Work to be completed: Your copy should match the entries exactly, with the pictures left out.

Entries provided:
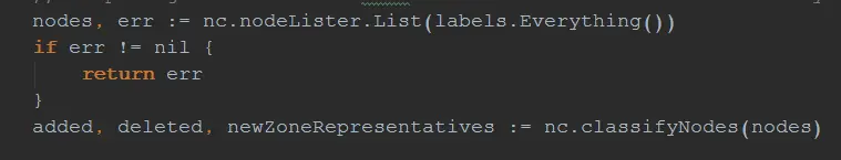 首先通过List接口获取所有的Node信息,通过classifyNodes完成Node的划分。classifyNodes规则划分很简单,比对knownNodeSet和allNodes,可以理解为knownNodeSet为上一次的数据,allNodes为新的数据,则:
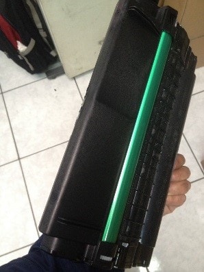 2.- Extraiga el cartucho de tóner del envoltorio y tire de la cinta adhesiva para quitar el papel que lo cubre.
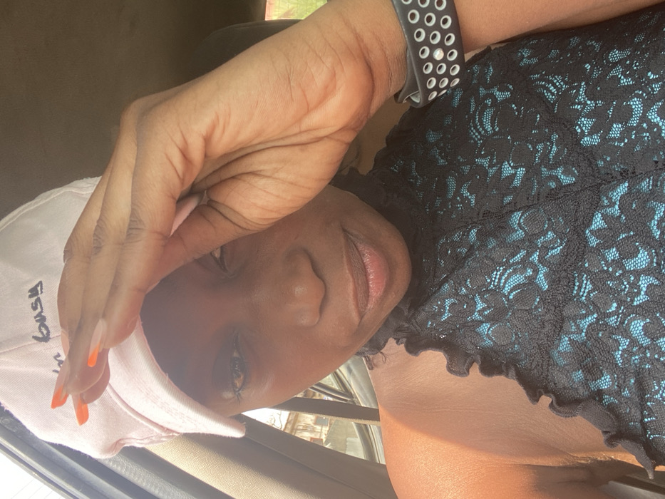 A close-up, chest-up portrait shows an adult individual, likely female, with dark skin, positioned inside a vehicle
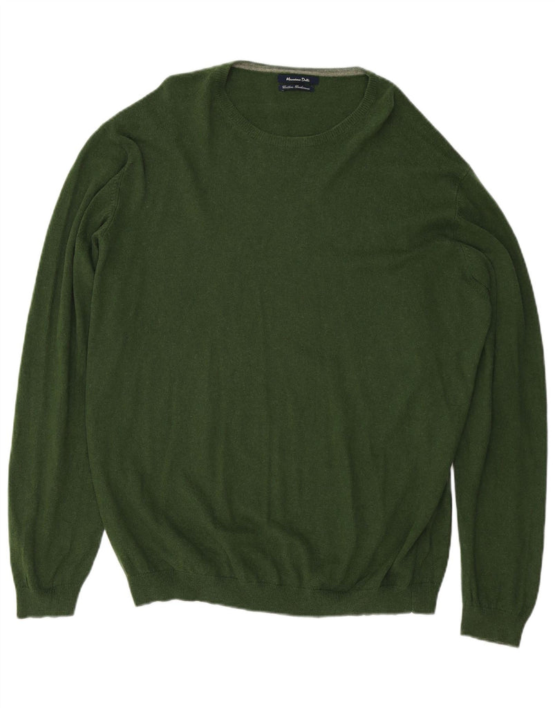 MASSIMO DUTTI Mens Crew Neck Jumper Sweater 2XL Green Cotton
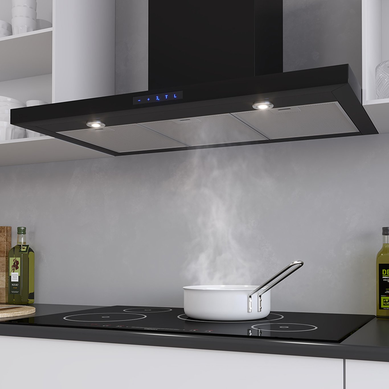 Kjøkkenhetten er 90 cm bred, og har en intern motor. Den kommer med to stykk LED-lys, som gir et godt arbeidslys over kokeplaten.
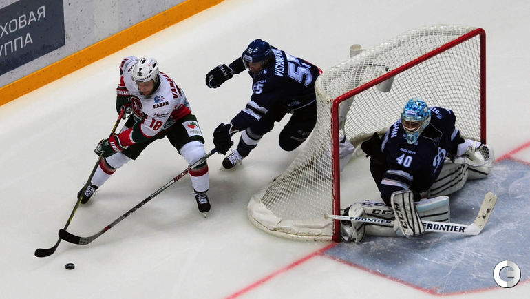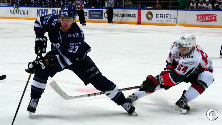 "Ак Барс" взял верх над "Динамо" в гостевом матче регулярного чемпионата КХЛ – 2:0. Голами в составе казанцев отметились Александр Свитов и Маттиас Шегрен. Вместе с тем бело-голубые уступили СКА шестое место на Западе. Фото Никита Успенский, "СЭ"
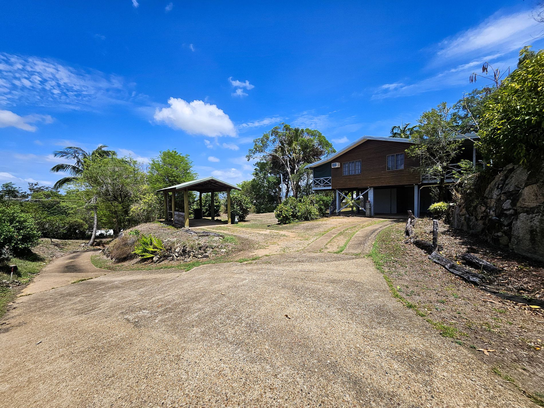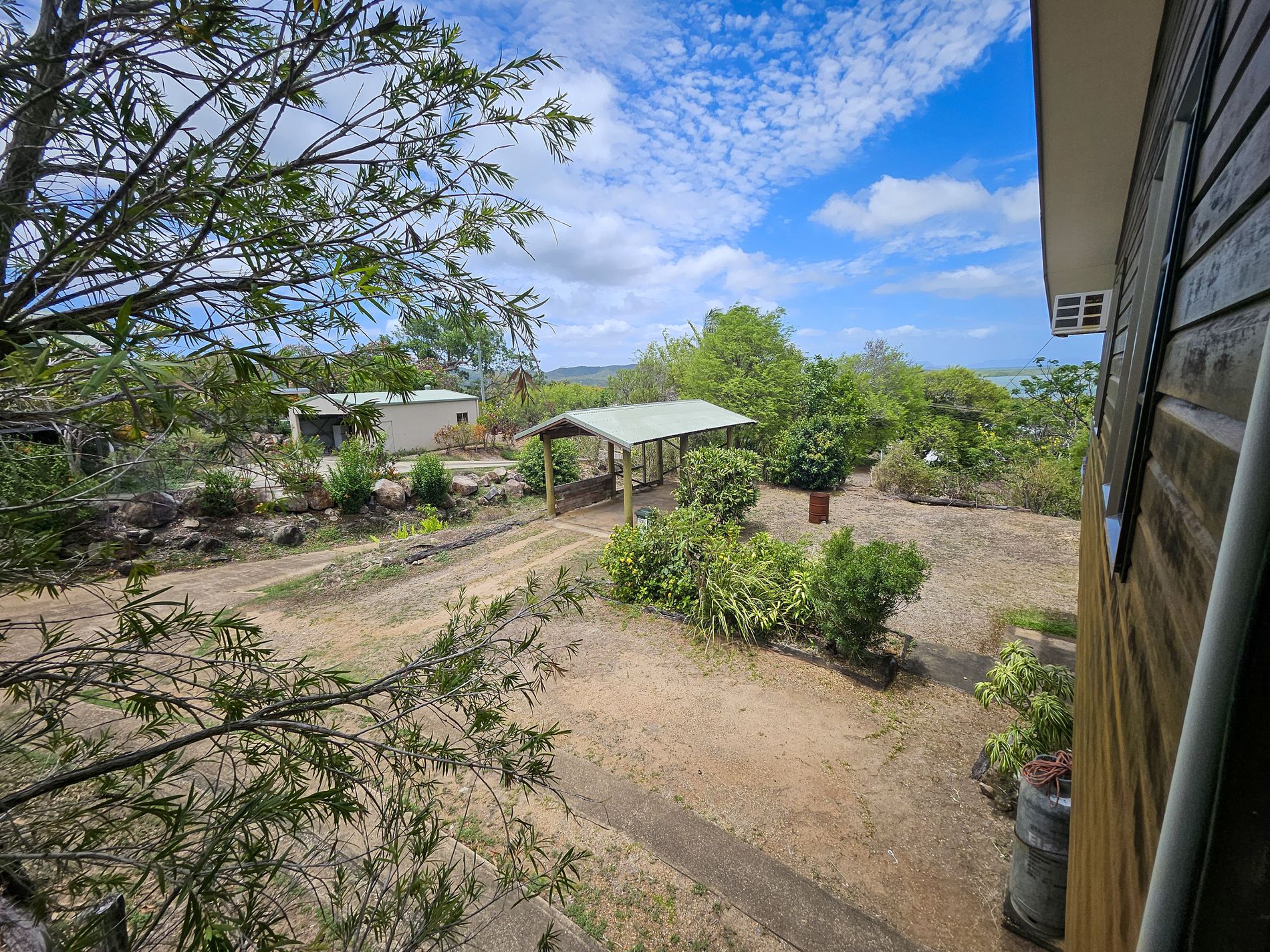 Two story house on a large block with carport and views.
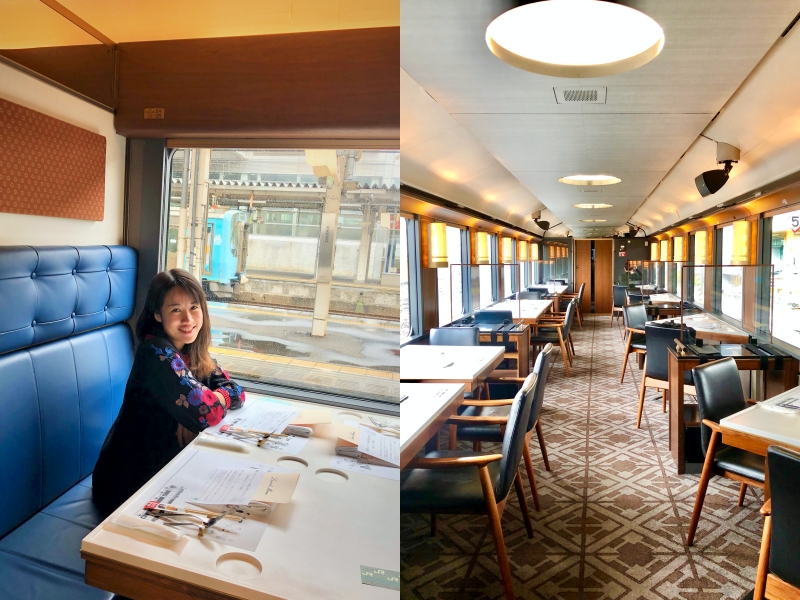 Nếu hành trình từ Hachinohe đến Kuji đem đến không gian của một nhà hàng lãng mạn với nhiều món ăn phong cách châu Âu, thì lượt về từ từ Kuji đến Hachinohe lại mang tới cho tụi mình cảm giác như đang ở trong một quán cà phê với vô số món bánh ngọt và tráng miệng thật hấp dẫn.
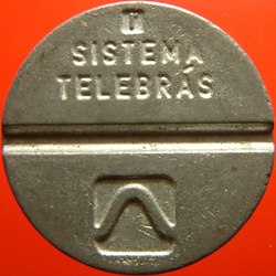 ![]() | bras 570 | 1988 (g) LOCAL (g) FONTAMAC (incuse) (date round 6 x 2mm, fontamac 11mm) | I(in square) / SISTEMA / TELEBRÃS (g) (logo) (incuse) | Brazil | Z | 23 | Sd | 0 | ||
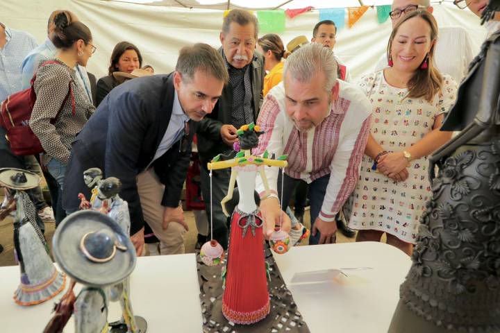 Ejemplo de ello, dijo, es la marca de la Catrina y el capulineado de Capula, dijo el embajador durante la visita que realizó a la capital michoacana y a la Feria Nacional Artesanal y Cultural de la Catr... Ver más...
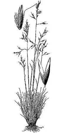 This is a perennial grass without rhizomes which form tufts and bunches up to about 50 centimeters in maximum height, but generally shorter. The small, sparse leaves are mainly located at the base of the stems. The inflorescence is small, scattered and reddish, with spikelet about half a centimeter long.
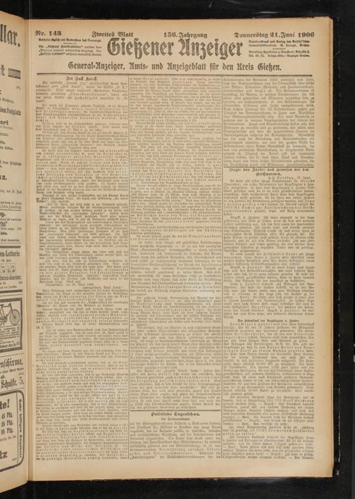 143 Zweites Blatt 1^6. Jahrgang Donnerstag Äl.Ium 1906
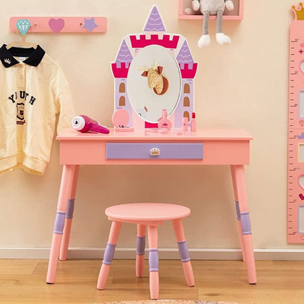 Transform your child's room into a magical castle with this Costway Single Drawer Kids Princess Dressing Table and Stool Set with Mirror. Featuring a removable silver mirror, this versatile piece can switch from a makeup vanity to a practical writing desk in a few moments, making it ideal for both play and study. The set is beautifully crafted from high-quality MDF with sturdy natural wood legs, ensuring durability and stability. A large drawer provides ample storage for beauty accessories or stationery, while the blunted edges and burr-free surface ensure a safe play environment. With its delightful pink castle theme, this vanity set is sure to capture the heart of your little princess, making it an excellent gift choice.
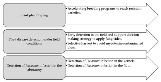 - Femenias, A.; Gatius, F.; Ramos, A.J.; Sanchis, V.; Marín, S. Use of Hyperspectral Imaging as a Tool for Fusarium and Deoxynivalenol Risk Management in Cereals: A Review. Food Control 2020, 108, 106819. [Google Scholar] [CrossRef]
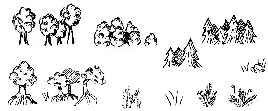 After completing the main map, I drew a series of geographic features for reuse across the entire expanse. “Simple, bold lines” became the rule, as more intricate sketches scaled down poorly, which I found especially (and sadly!) true for trees. At first, I was determined to differentiate tree types for added nuance (mangrove trees vs. evergreens vs. palm trees), but I learned my mistake when digitizing such assets. Frankly and despite my ambitions, a certain level of detail wasn’t visually friendly when applied to an entire, high-level world map. In the case of tree types (plus reeds, bamboo, and more), minor details interfered with the map’s primary purpose: communicating key locations.
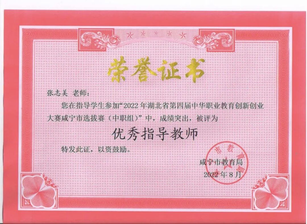 这种精益求精的精神也体现在指导学生竞赛中。2022年,在第四届湖北省中华职业教育创新创业大赛中,她指导的团队《携“手”一生——下楼辅助智能手杖》项目一举夺得省赛金奖、市赛一等奖,她个人也荣获“优秀指导教师”称号。在2022年湖北省职业院校技能大赛中,所指导的学生团队在中职组网络搭建与应用赛项荣获省三等奖和咸宁市一等奖的好成绩。
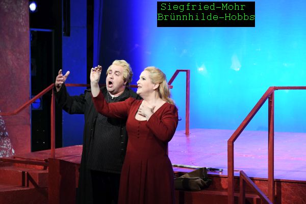 Als erst übermütig und jugendlich, dann ergreifend und gedemütigt im Spiel und in Bezug auf den kleinen Theaterraum sehr hochdramatisch aber sehr präzise und mit leuchtender Stimme singend gestaltete Dara Hobbs die zentrale Partie der Brünnhilde. Das beeindruckte besonders bei der Erweckung im Siegfried, in den Verzweiflungsausbrüchen im zweiten Aufzug und dem feierlichen Schlußgesang im dritten Aufzug der Götterdämmerung bis zum stimmlich zurückgenommenen lang angehaltenen „Ruhe du Gott“ um dann noch einmal Grane vom hohen b zum tiefen es herunterwiehern zu lassen. Magdalena Anna Hofmann war stimmlich ergreifend als Sieglinde besonders im intensiven hehrsten Wunder. Zusätzlich übernahm sie die undankbare Rolle der Gutrune. Urmutter Erda war Janina Baechle.

Exercise output:
 首先通过List接口获取所有的Node信息,通过classifyNodes完成Node的划分。classifyNodes规则划分很简单,比对knownNodeSet和allNodes,可以理解为knownNodeSet为上一次的数据,allNodes为新的数据,则:
 2.- Extraiga el cartucho de tóner del envoltorio y tire de la cinta adhesiva para quitar el papel que lo cubre.
 A close-up, chest-up portrait shows an adult individual, likely female, with dark skin, positioned inside a vehicle
 MASSIMO DUTTI Mens Crew Neck Jumper Sweater 2XL Green Cotton
 Kjøkkenhetten er 90 cm bred, og har en intern motor. Den kommer med to stykk LED-lys, som gir et godt arbeidslys over kokeplaten.
 "Ак Барс" взял верх над "Динамо" в гостевом матче регулярного чемпионата КХЛ – 2:0. Голами в составе казанцев отметились Александр Свитов и Маттиас Шегрен. Вместе с тем бело-голубые уступили СКА шестое место на Западе. Фото Никита Успенский, "СЭ"
 Two story house on a large block with carport and views.
 Nếu hành trình từ Hachinohe đến Kuji đem đến không gian của một nhà hàng lãng mạn với nhiều món ăn phong cách châu Âu, thì lượt về từ từ Kuji đến Hachinohe lại mang tới cho tụi mình cảm giác như đang ở trong một quán cà phê với vô số món bánh ngọt và tráng miệng thật hấp dẫn.
 ![]() | bras 570 | 1988 (g) LOCAL (g) FONTAMAC (incuse) (date round 6 x 2mm, fontamac 11mm) | I(in square) / SISTEMA / TELEBRÃS (g) (logo) (incuse) | Brazil | Z | 23 | Sd | 0 | ||
 Ejemplo de ello, dijo, es la marca de la Catrina y el capulineado de Capula, dijo el embajador durante la visita que realizó a la capital michoacana y a la Feria Nacional Artesanal y Cultural de la Catr... Ver más...
 This is a perennial grass without rhizomes which form tufts and bunches up to about 50 centimeters in maximum height, but generally shorter. The small, sparse leaves are mainly located at the base of the stems. The inflorescence is small, scattered and reddish, with spikelet about half a centimeter long.
 143 Zweites Blatt 1^6. Jahrgang Donnerstag Äl.Ium 1906
 Transform your child's room into a magical castle with this Costway Single Drawer Kids Princess Dressing Table and Stool Set with Mirror. Featuring a removable silver mirror, this versatile piece can switch from a makeup vanity to a practical writing desk in a few moments, making it ideal for both play and study. The set is beautifully crafted from high-quality MDF with sturdy natural wood legs, ensuring durability and stability. A large drawer provides ample storage for beauty accessories or stationery, while the blunted edges and burr-free surface ensure a safe play environment. With its delightful pink castle theme, this vanity set is sure to capture the heart of your little princess, making it an excellent gift choice.
 - Femenias, A.; Gatius, F.; Ramos, A.J.; Sanchis, V.; Marín, S. Use of Hyperspectral Imaging as a Tool for Fusarium and Deoxynivalenol Risk Management in Cereals: A Review. Food Control 2020, 108, 106819. [Google Scholar] [CrossRef]
 After completing the main map, I drew a series of geographic features for reuse across the entire expanse. “Simple, bold lines” became the rule, as more intricate sketches scaled down poorly, which I found especially (and sadly!) true for trees. At first, I was determined to differentiate tree types for added nuance (mangrove trees vs. evergreens vs. palm trees), but I learned my mistake when digitizing such assets. Frankly and despite my ambitions, a certain level of detail wasn’t visually friendly when applied to an entire, high-level world map. In the case of tree types (plus reeds, bamboo, and more), minor details interfered with the map’s primary purpose: communicating key locations.
 这种精益求精的精神也体现在指导学生竞赛中。2022年,在第四届湖北省中华职业教育创新创业大赛中,她指导的团队《携“手”一生——下楼辅助智能手杖》项目一举夺得省赛金奖、市赛一等奖,她个人也荣获“优秀指导教师”称号。在2022年湖北省职业院校技能大赛中,所指导的学生团队在中职组网络搭建与应用赛项荣获省三等奖和咸宁市一等奖的好成绩。
 Als erst übermütig und jugendlich, dann ergreifend und gedemütigt im Spiel und in Bezug auf den kleinen Theaterraum sehr hochdramatisch aber sehr präzise und mit leuchtender Stimme singend gestaltete Dara Hobbs die zentrale Partie der Brünnhilde. Das beeindruckte besonders bei der Erweckung im Siegfried, in den Verzweiflungsausbrüchen im zweiten Aufzug und dem feierlichen Schlußgesang im dritten Aufzug der Götterdämmerung bis zum stimmlich zurückgenommenen lang angehaltenen „Ruhe du Gott“ um dann noch einmal Grane vom hohen b zum tiefen es herunterwiehern zu lassen. Magdalena Anna Hofmann war stimmlich ergreifend als Sieglinde besonders im intensiven hehrsten Wunder. Zusätzlich übernahm sie die undankbare Rolle der Gutrune. Urmutter Erda war Janina Baechle.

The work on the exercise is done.